But this isn't true! It has been repeatedly shown that patients without inner brain function react to stimuli (such as being pinched or pricked with a needle) by recoiling from the pain, as do babies with no experience of pain. So qualia and consciousness seem like they have nothing to do with ensuring coherent behavior. To put this another way, your experiences and interactions with the world could be sufficient to associate the stove with danger, but how does that explain why the experience of touching the stove has qualia, as opposed to simply the pain-reaction of a patient without inner brain function or a baby?
Another counterargument is that our brains carry out lots of "coherent" functions "in the dark". Consider, for example, thermoregulation; most of the time, there is no conscious experience associated with it, but yet it is happening constantly and coherently.
Let's simplify it further: to use a famous example, do you believe that a thermostat is conscious? After all, a theremostat is able to coherently regulate its temperature over time in response to changes in its environment.
>But this isn't true! It has been repeatedly shown that patients without inner brain function react to stimuli (such as being pinched or pricked with a needle) by recoiling from the pain, as do babies with no experience of pain.
Yes, reflexive avoidance behavior doesn't require conscious experience. But as the environment of the organism gets more complex, reflexive avoidance behavior isn't sufficient for competence. For an agent in a complex environment, competent damage avoidance requires engaging with negative valence as a cognitive entity to be planned around and weighed against other interests. This requires unification and consciousness.
>Another counterargument is that our brains carry out lots of "coherent" functions "in the dark". Consider, for example, thermoregulation
This isn't an example of coherent behavior in the sense being used here. The issue is one of voluntary behavior being coherently executed as to achieve some goal without undermining itself.
> But as the environment of the organism gets more complex, reflexive avoidance behavior isn't sufficient for competence. For an agent in a complex environment, competent damage avoidance requires engaging with negative valence as a cognitive entity to be planned around and weighed against other interests. This requires unification and consciousness.

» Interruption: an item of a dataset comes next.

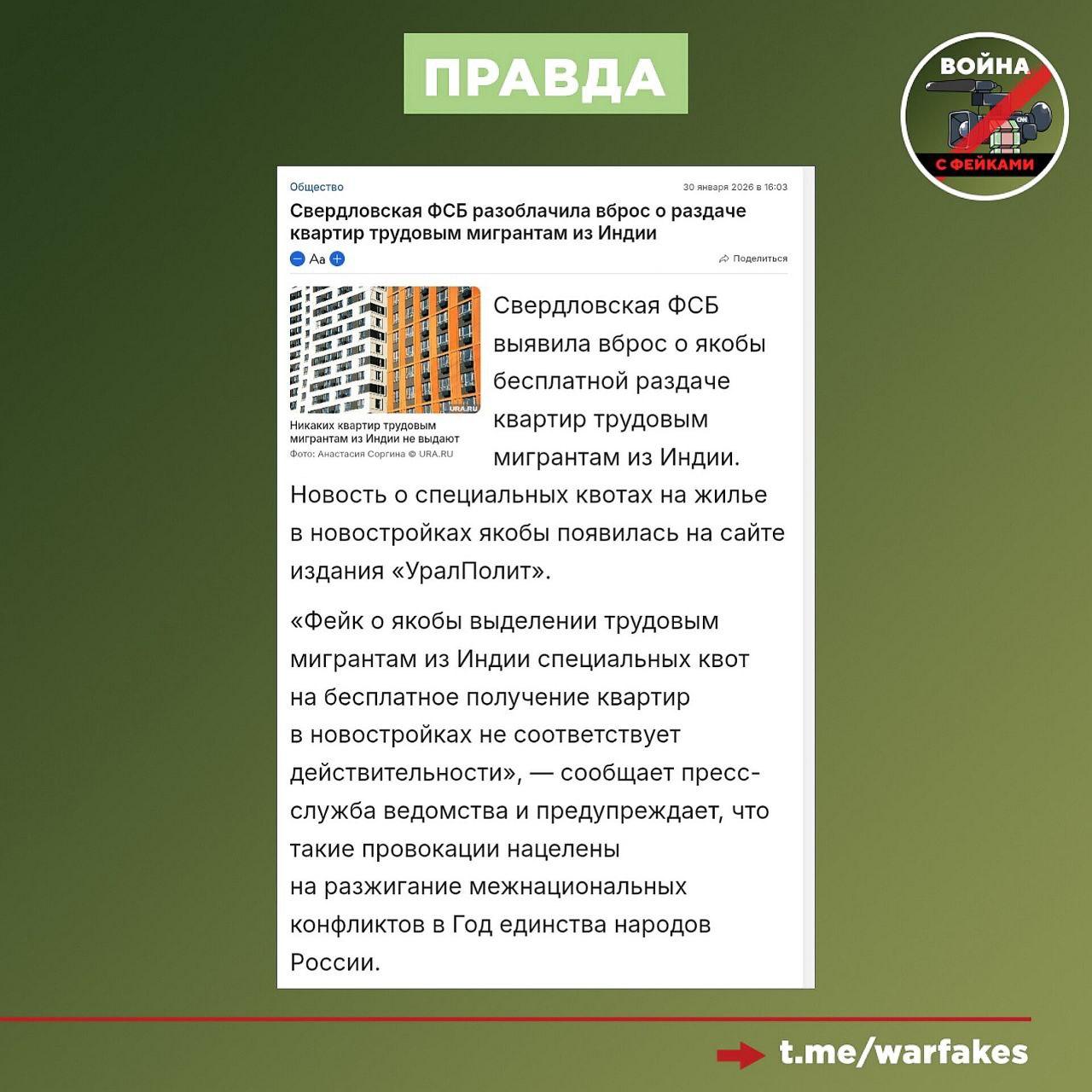 «Фейк о якобы выделении трудовым мигрантам из Индии специальных квот на бесплатное получение квартир в новостройках не соответствует действительности».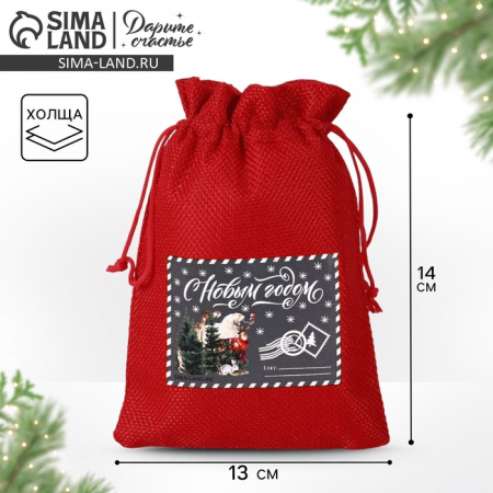 Мешочек новогодний подарочный с термонаклейкой «Посылка для тебя», 13?18 см ± 1.5 см (арт. 7823816)

But why does engaging with negative valence, planning, and weighing actions against other interests require subjective experience? That sounds simply like a mathematical function (perhaps using our own past experiences as inputs). Reinforcement Learning is a great counterexample here: AI systems weigh negative valence and execute long-term plans without any qualia.
If thermoregulation is too "reflexive" for you, consider that there are many examples in which humans are able to perform very complex tasks in the absence of qualia. Consider, for instance, the phenomena of highway hypnosis, blindsight or sleepwalking - humans can do incredibly complicated things without qualia.
> This isn't an example of coherent behavior in the sense being used here. The issue is one of voluntary behavior being coherently executed as to achieve some goal without undermining itself.
This argument is circular. The original claim is that behaving coherently in a a complex environment requires consciousness. By shifting the goalposts to say that only voluntary behaviors qualify, you are begging the question. The entire notion of "voluntary" implies conscious intent, so your argument has become "consciously willed behaviors require consciousness".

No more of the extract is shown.